Since then, Andy Flower has stated that he knows he is not going to play for Zimbabwe again after this tournament. (He could have added "as long as Mugabe is in power" but he left that unstated). This is a shame, as it means that a great player will be lost to international cricket. Personally, though, he will be fine, due to the fact that he also plays cricket as an "overseas player" for English county Essex. English counties are permitted two non-English players. These players are normally international stars of the game, and are normally very well paid. Flower is easily good enough to qualify for one of these spots, and although he may not play international cricket again, he can make a comfortable living playing county cricket in England. He may have to live in exile from his own country, and while this is unfortunate, there are worse fates.

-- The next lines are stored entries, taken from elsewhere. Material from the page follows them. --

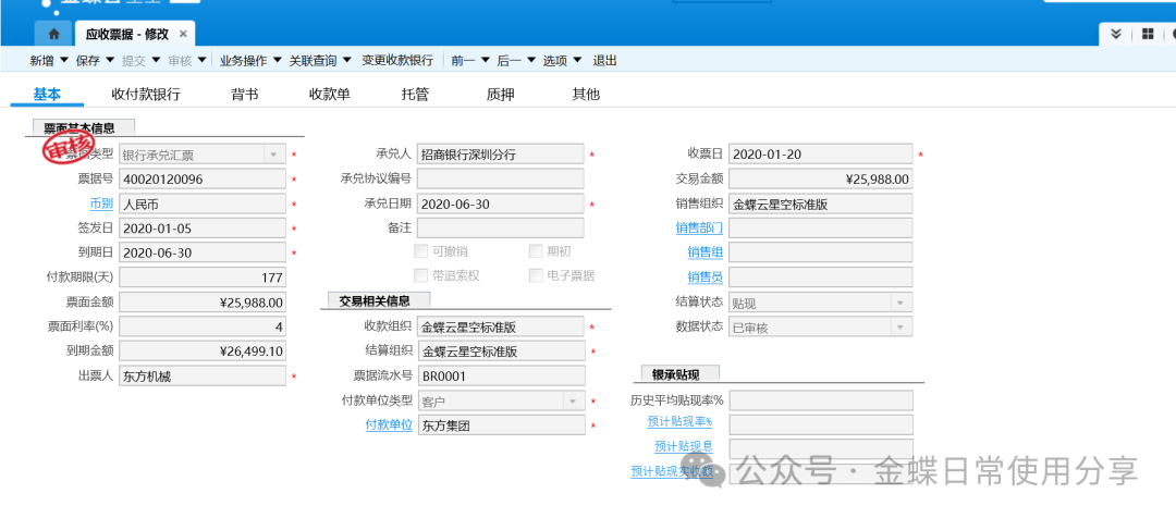 5、日常操作5.1日常存取现以及收付款业务处理:5.1.1现金存取单【业务场景】:处理日常存现、取现业务 【用户角色】:出纳 【功能菜单】:【财务会计】—>【出纳管理】—>【日常处理】—>【现金存取单】。 【操作说明】:企业用户按照业务需求新增现金存取单 5.1.2银行转账单【业务场景】:可处理日常企业内部转账业务,购汇业务也在此处理。 【用户角色】:出纳 【功能菜单】:【财务会计】—>【出纳管理】—>【日常处理】—>【银行转账单】。 【操作说明】:企业用户根据夜壶需求新增银行转账单 5.1.3收款/收款退款【业务场景】:处理所有对外收款业务。 【用户角色】:出纳 【功能菜单】:【财务会计】—>【出纳管理】—>【日常处理】—>【收款单】。 【操作说明】:企业用户根据业务需求新增收款单 【业务场景】:处理收款退款业务 【用户角色】:出纳 【功能菜单】:【财务会计】—>【出纳管理】—>【日常处理】—>【收款退款单】。 【操作说明】:企业用户根据业务需求新增收款退款单 5.1.4付款/付款退款【业务场景】:处理所有对外付款业务 【用户角色】:出纳 【功能菜单】:【财务会计】—>【出纳管理】—>【日常处理】—>【付款单】。 【操作说明】:企业用户根据业务需求新增付款单 【业务场景】:处理付款退款业务 【用户角色】:出纳 【功能菜单】:【财务会计】—>【出纳管理】—>【日常处理】—>【付款退款单】。 【操作说明】:企业用户根据业务需求新增付款退款单 5.1.5应收/应付票据【业务场景】:维护接收的应收票据/应付票据,以及进行应收票据/应付票据的后续结算业务处理。 【用户角色】:出纳 【功能菜单】:【财务会计】—>【出纳管理】—>【日常处理】—>【应收票据】/【应付票据】, 【操作说明】: 企业用户根据真实业务情况对应收/应付票据进行维护接收并进行后续结算业务处理。 5.1.6付款申请单【业务场景】:处理所有付款申请业务 【用户角色】:出纳 【功能菜单】:【财务会计】—>【出纳管理】—>【日常处理】—>【付款申请单】。 【操作说明】:企业用户根据实际业务情况新增付款申请单 5.2应收票据业务处理流程5.2.1应收票据登记【业务场景】:企业用户收到应收票据后系统上操作。 【用户角色】:出纳 【功能菜单】:【财务会计】->【出纳管理】->-【日常处理】->【应收票据】 【操作说明】:新增应收票据根据真实业务情况维护票据内容
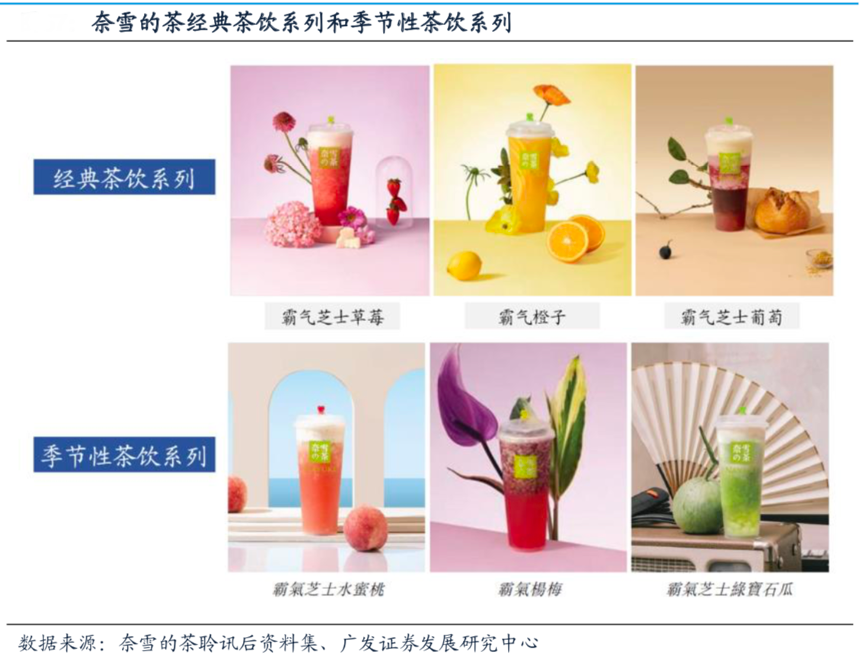 經典案例:根據奈雪的茶聆訊后資料集、廣發證券發展研究中心等綜合資訊表明,奈雪的茶產品組合大致可以分為“經典爆款單品+季節性茶飲+定期上新+跨界聯名”,經典爆款單品和季節性茶飲是銷量基礎,定期上新和跨界嘗試吸引復購+保持品牌熱度。根據公司聆訊后資料集,2020年從訂單量來看三大最暢銷的經典茶飲為霸氣芝士草莓、霸氣橙子和霸氣芝士葡萄,共售出超過2180萬杯,其中霸氣芝士葡萄訂單總數達600萬杯,三大暢銷經典茶飲占現制茶飲銷售額的27.6%。
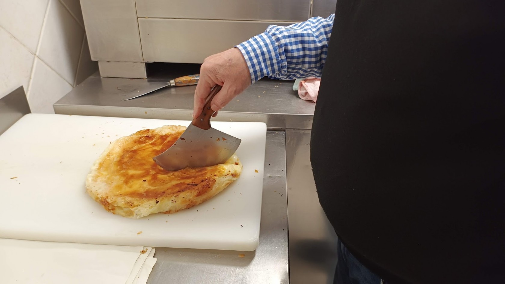 S neizbježnim smješkom na licu i nožem u ruci, zatekli smo ga u kuhinji kako svježe ispečen burek trančira na porcijske četvrtine… Kako smo i pretpostavljali, novina i nije bilo previše.
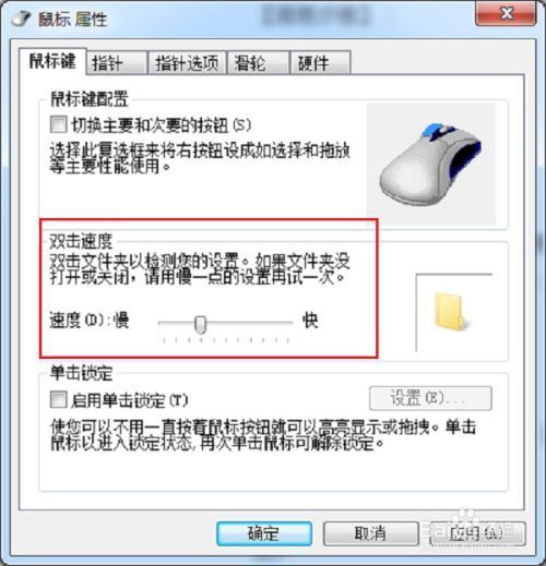 4 第四步进去鼠标属性界面,点击鼠标键,这里可以调节一下鼠标双击的速度,增加鼠标灵敏度,如下图所示:

Henry Olonga, on the other hand, is not quite good enough to earn a regular "overseas player" spot in county cricket. He is certainly as good as many of the English players playing county cricket, however, so in order for him to play here, someone would have to make a special effort. Which is why it was heartening to read this in the Times this morning. (The Times' website is link-unfriendly, unfortunately).

THE very real fears that Henry Olonga’s ostracism by the Zimbabwe Cricket Union (ZCU) will culminate in the end of his international career have led to an extraordinary offer from a Suffolk businessman to sponsor him through county cricket this season.
Zimbabwe are scheduled to tour England from May to July but, if Olonga is omitted from the party as a punishment for his courageous political stand with Andy Flower, the fast bowler could yet benefit from the huge worldwide sympathy for his plight.

After reading in The Times last Friday that Olonga suspects his international future is over, Lawrence Mallinson contacted the newspaper to reveal that he had spoken to Essex to see if they could take him on as a “sponsored” overseas player.

“I think it is important that Henry should not be abandoned after the World Cup is over,” Mallinson said, “and feel that my business can at least afford to give him a well-deserved foot up. Getting him over here might also help him make contacts that could lead on to something else.”


A member of the Zimbabwe coaching staff declared what has been widely known since Olonga was dropped after making his joint statement — that on cricketing grounds, he should still be in the side.


Mallinson is prepared to pay up to £30,000 to sponsor Olonga. “I’m not a huge philanthropist, but I was moved by what I read in The Times,” he said. “I know Henry isn’t your world-class overseas player, but what he did was very brave and I want to ensure he isn’t forgotten about.”

This is quite pleasing, and hopefully something can be sorted out to allow Olonga to play in England (although no doubt the British immigration service can find some way to screw things up). It would be a real shame for Olonga to have to suffer too much for his bravery and decency.

Of course, the best thing of all that could happen would be for someone less vile than Mr Mugabe to take power in Zimbabwe. That way, Zimbabwe could once again put its best possible cricket team on the field. And, vastly more importantly, the repression of the people of that beautiful country by Mugabe's thugs could cease.